RAW DATA:
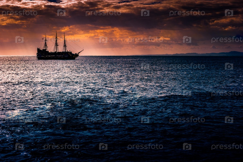 Одинокий корабль на фоне утреннего неба
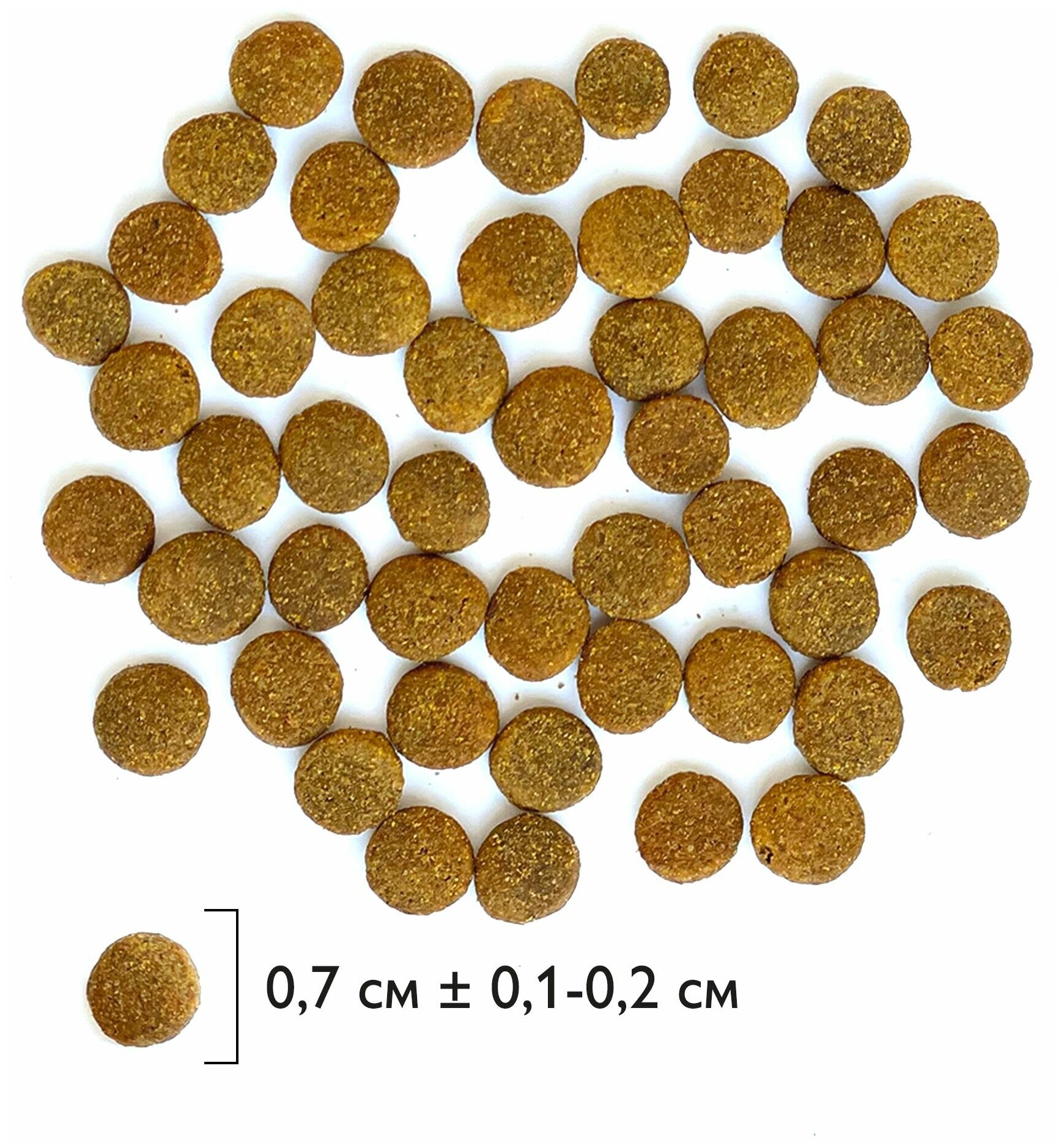 | Состав | дегидрированное мясо курицы 37 %, маис цельнозерновой, маисовый протеин, рис, жир куриный (источник Омега-6 жирных кислот), свекольная пульпа, гидролизованная и дегидратированная печень 2,5 %, яблоки, дрожжи (источник маннанолигосахаридов), витаминно-минеральный комплекс, рыбий жир (источник Омега-3 жирных кислот), таурин, топинамбур (источник фруктоолигосахаридов), клюква, антиокислитель, экстракт юкки Шидигера |
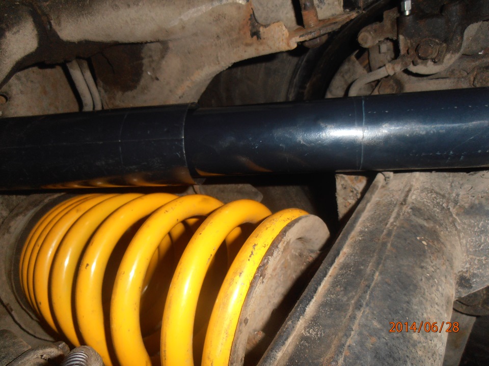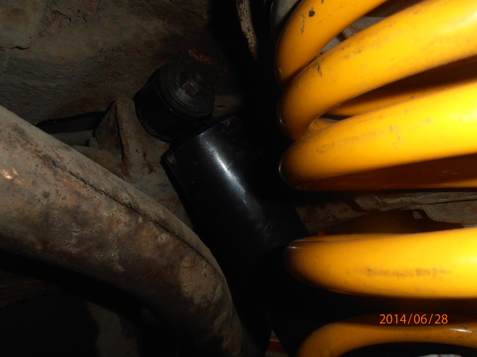 В общем, снял правую, и, поставив проставку 3см, поставил пружину +2". Так же поступил и с левой, но только проставку 2см воткнул. Вот тут пошли первые подводные камни. Первое это то что машина стала кривой, но правая сторона была выше?! Ладно, подумал я . поставлю перед посмотрим. Второе, штатные аморты, вышли на свой полный ход до риски(У меня стояли KYB Gas-a-Just). Я опять все скинул на то что перед ниже пока.
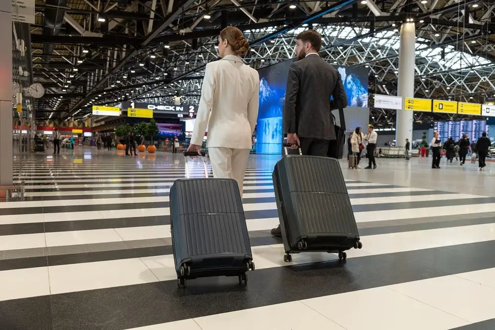 - Блок крепления колеса встроен в корпус чемодана, что обеспечивает лучшую устойчивость к внешнему воздействию
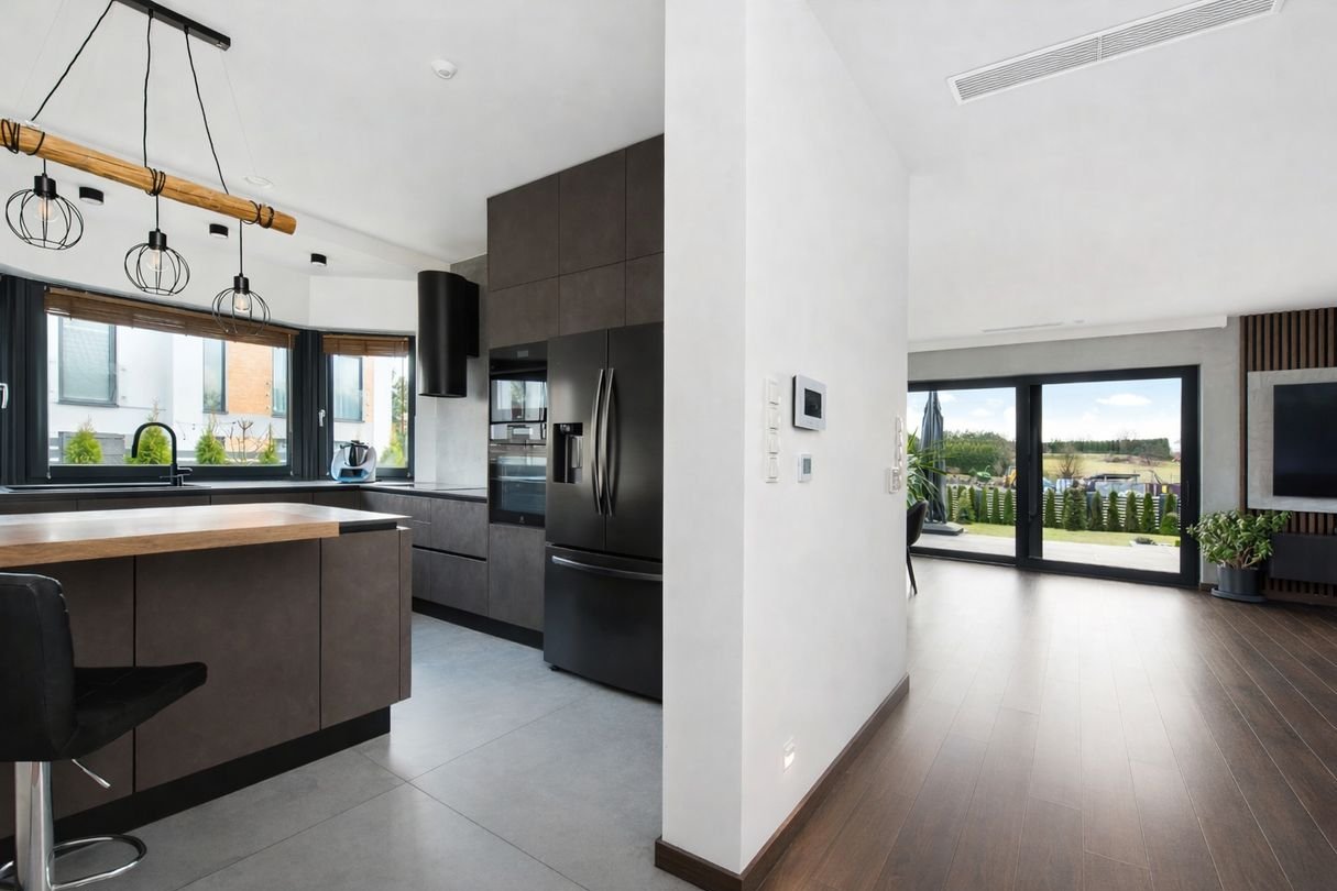 ◦ sterowane ogrzewanie podłogowe w całym domu, włącznie z garażem
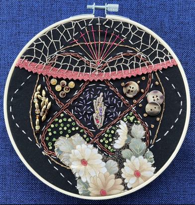 Original abstract embroidery by Janice Arrowsmith. Ready to display or can be framed, 7" diameter.
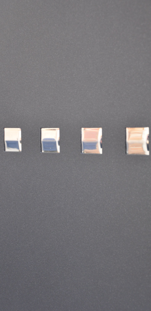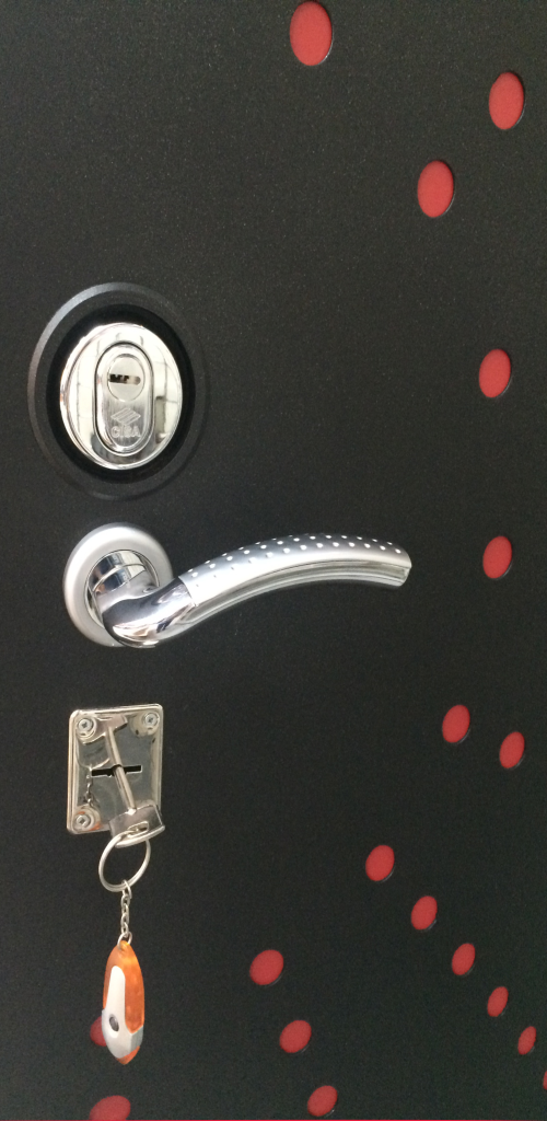 Это ещё один вариант нестандартного оформления металлической двери: позволяя сделать нестандартный узор, перфорирование делает его из небольших элементов прямоугольной и круглой формы.

TASK REQUIREMENTS: Give the data above back unchanged, except for the pictures.

OUTPUT BELOW:
 Одинокий корабль на фоне утреннего неба
 | Состав | дегидрированное мясо курицы 37 %, маис цельнозерновой, маисовый протеин, рис, жир куриный (источник Омега-6 жирных кислот), свекольная пульпа, гидролизованная и дегидратированная печень 2,5 %, яблоки, дрожжи (источник маннанолигосахаридов), витаминно-минеральный комплекс, рыбий жир (источник Омега-3 жирных кислот), таурин, топинамбур (источник фруктоолигосахаридов), клюква, антиокислитель, экстракт юкки Шидигера |
 В общем, снял правую, и, поставив проставку 3см, поставил пружину +2". Так же поступил и с левой, но только проставку 2см воткнул. Вот тут пошли первые подводные камни. Первое это то что машина стала кривой, но правая сторона была выше?! Ладно, подумал я . поставлю перед посмотрим. Второе, штатные аморты, вышли на свой полный ход до риски(У меня стояли KYB Gas-a-Just). Я опять все скинул на то что перед ниже пока.
 - Блок крепления колеса встроен в корпус чемодана, что обеспечивает лучшую устойчивость к внешнему воздействию
 ◦ sterowane ogrzewanie podłogowe w całym domu, włącznie z garażem
 Original abstract embroidery by Janice Arrowsmith. Ready to display or can be framed, 7" diameter.
 Это ещё один вариант нестандартного оформления металлической двери: позволяя сделать нестандартный узор, перфорирование делает его из небольших элементов прямоугольной и круглой формы.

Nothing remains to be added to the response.